This notion is in fact reinforced and at the same time presents another element that should have been properly exploited. If Unalaq is the first Dark Avatar and his starting element was water, that means the next dark avatar would have to be a native airbender. Granted that was going to be pretty hard to envision an air bender being evil when you know all of the worlds airbenders and at the time it did not appear any more would be emerging soon. Oh wait, thats right... The one who effectively disrupted Unalaqs dark avatar state. Jinora.

Lets watch. (SEASON 2 Ending Spoiler Alert



During the battle, Jinora's spirit manifested in the form of light, and entered his body, pulling out a small, but usable, source of light from which Raava could reform. Korra's spirit subdued the Dark Avatar and ripped the light source out of his chest, recreating Raava.

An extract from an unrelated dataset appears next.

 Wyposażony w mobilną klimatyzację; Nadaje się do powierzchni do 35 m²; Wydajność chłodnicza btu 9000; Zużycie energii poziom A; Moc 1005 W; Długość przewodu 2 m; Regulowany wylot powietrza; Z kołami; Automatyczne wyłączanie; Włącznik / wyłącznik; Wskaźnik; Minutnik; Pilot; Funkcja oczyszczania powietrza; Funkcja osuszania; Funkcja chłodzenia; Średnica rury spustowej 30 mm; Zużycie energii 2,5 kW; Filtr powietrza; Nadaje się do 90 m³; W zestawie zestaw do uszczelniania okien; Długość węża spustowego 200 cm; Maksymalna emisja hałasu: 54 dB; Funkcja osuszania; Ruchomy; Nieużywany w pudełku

Korra's spirit subsequently performed the spirit purification ritual on Unalaq and Vaatu, vanquishing both of them.[3]

Now when Korra State sees that the tiny shard of Raava is free... Notice, Jinora is her own separated ball of yellow light... INSIDE the dark avatar state. More precisely her spirit has merged with that of Unalaq so as to wrest control of the dark state long enough to provide Korra with that opening to Raava.

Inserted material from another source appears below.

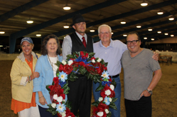 Chad Williams captured two of three stake classes July 4th weekend. He proudly posed with the owners of He's Vida Blue, Gayle Holcomb - first on left and Nick Masters - last on right, and He's Unleashed, Virginia Stewart - second on left and Gene Schaefer - second on right.

Then Korra has to take Jinora's spirt and Raava back to the spirit world to end harmonic convergence. Jinora's spirit departs back to her corporeal form and Raava & Korra merge beginning their own rebooted Avatar cycle.

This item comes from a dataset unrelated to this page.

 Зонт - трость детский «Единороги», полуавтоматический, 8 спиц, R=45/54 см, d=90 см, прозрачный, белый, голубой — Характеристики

With Unalaq no where to be found (unless they pull a major resurrection out of their asses for the ending of season 4) So as far as anyone knows thus far for all intents the first Dark Avatar is dead. Now we understand light and darkness are two different things and truthfully light/Dark are different things than Good v Evil. We also saw "how" this Dark avatar was destroyed and that logically points to the transition between Dark Avatars to be different than how the avatar changes hands only upon the death of the former Avatar. In the case of the Dark Avatar, it is logical that the title has to be forcibly taken given the manner in which Jinora effectively consumed Unalaq in order to hold Vaatu in check long enough to free Raava. That means the dark avatar must be taken (or potentially given by, either forcibly or bequeathed) from the former dark avatar.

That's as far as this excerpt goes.